Looking at the previous image, it is hard to tell which people need to get in a room. Do we just need an Ops guy to restart the process that consumes all of the CPU? Or do we need an application expert that sifts through log files? Do we need to contact our mobile solution provider because it is an actual problem in the 3rd party mobile native app? The typical MO is to simply call-in everybody to figure out the root cause of the problem and with that pulling critical resources from other important projects without even knowing if these folks can actually help solving these problems. How can we change this? By asking the right questions first!
The 10 Real Questions to Ask
You don't need nice and shiny dashboards that show you an aggregated overview of twitter statuses, infrastructure health or insight into slow application transactions. You need data to answer the following questions - whether it is presented in nice dashboards or log files doesn't really matter:
Having answers to these 10 questions avoids calling too many people in a war room and improves handling of critical application problems
1. Is an individual user complaining?
Is it "just" the CEO that complains about a problem with your newly deployed internal app because a report doesn't work on his old IE6? Or is it "just" the end user in a remote location that still uses dial-up? Knowing whether a problem just happens for a single or a very small group of users is important to prioritize.
Analyzing the problem of the complaining user lets us assess whether it is a problem related to just "that" user, e.g, using an unsupported browser version, slow network connectivity,...
2. Are "all" users impacted?
If a large number of users are impacted but you may not have individuals that really complain about it you still need to know as it is very critical to you fix any problems that impact a large number of your users?
Having the evidence that a large number of people in a certain region, using a certain browser or a certain device makes it easy to prioritize this issue
3. Is the problem in the application?
The next question, after knowing whether users are impacted or not, is to figure out if the problem is in the application or not. This allows us to call in the application experts, architects and developers if needed. Looking at the performance distribution gives us an overview where our hotspots really are:
Where are the performance and problem hotspots? Is it really the application? Or do we need to involve other teams?
4. Is there a problem in the delivery chain?

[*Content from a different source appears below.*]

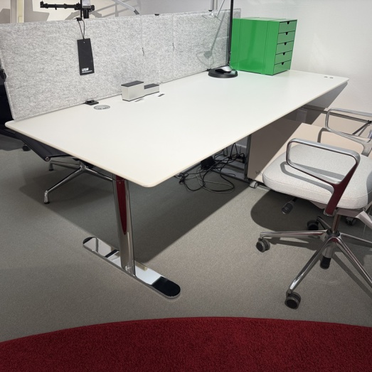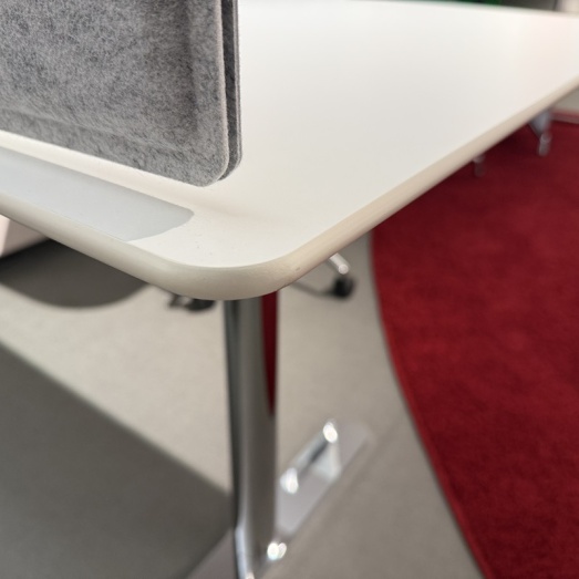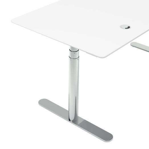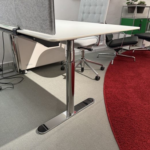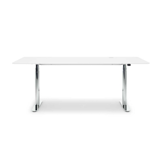 Arbeitstisch elektrisch höhenverstellbar Ansteuerung über zwei Drucktasten in der PlatteTischplatte 23mm Laminat gefaste Kante auf 16mm, Snow 38 Gestell DL11 runde Beine, verchromt inkl. Kabeldurchführung und Lampenhalter B 180,3cm T 82,2cm H 63,5-127cm

Modern web applications rely on a long list of services along the delivery chain that lies outside of our own data center. That includes CDNs, third-party services, ISPs or mobile networks. Knowing the status of these services and their impact on end user performance of our own application allows us to answer whether to look into our own data center or calling up Akamai, Facebook & Co:
Do CDNs or other third-party services experience any performance issues and is that the root cause of our complaining users?

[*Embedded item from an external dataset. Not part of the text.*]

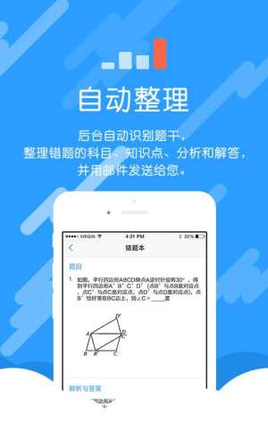 我们主打错题本整理功能,只要您拿着手机对着错题,轻轻按下拍照按钮,

5. Is one uncritical transaction impacted?
When the error rate goes up - is it a critical transaction such as search? Or is it rather uncritical such as the Contact Page. Or is a BOT causing lots of errors because it crawls through pages that do not exist anyway or that require authentication and with that skews the overall error rate?
Analyzing which transactions drive the error rate may show you that these are not critical because either caused by a BOT or on pages that are not business critical
6. Are critical transactions impacted?
What if your critical transactions are impacted such as the landing page, login, search, or entering a ticket in your support system? These are critical transactions to you, your end users, or your colleagues that need to use the back office software for their daily tasks. If these are impacted you need to act fast. Therefore it is important to monitor these critical transactions on failure rate as well as performance. If these are impacted it is more important to act than other transactions that are not vital to your business - and - you also know which subject matter experts to call:
Monitoring your critical transactions allows you to identify problems on those areas that are critical for your business
7. Is the problem related to bad coding?
If application response time is getting slower, the first question is whether it is because of bad coding. Analyzing the performance hotspot to the code level can tell you whether most of the time is spent because of inefficient algorithms or just not following coding and architectural best practices:
Throwing thousands of exceptions to control program flow is not a good coding practice and also impacts performance
8. Does the infrastructure cause an issue?
What if it is not the app itself, but the app is running low on resources provided by the infrastructure? What if the CPU required to run the Garbage Collector is not available because the machine also runs lots of other services on an already over utilized machine? In that case it is time to think about the infrastructure - better distributing these applications and services or scaling the infrastructure:
Where does the memory shortage come from? Does it impact other processes on that machine? Which processes to move to a different machine?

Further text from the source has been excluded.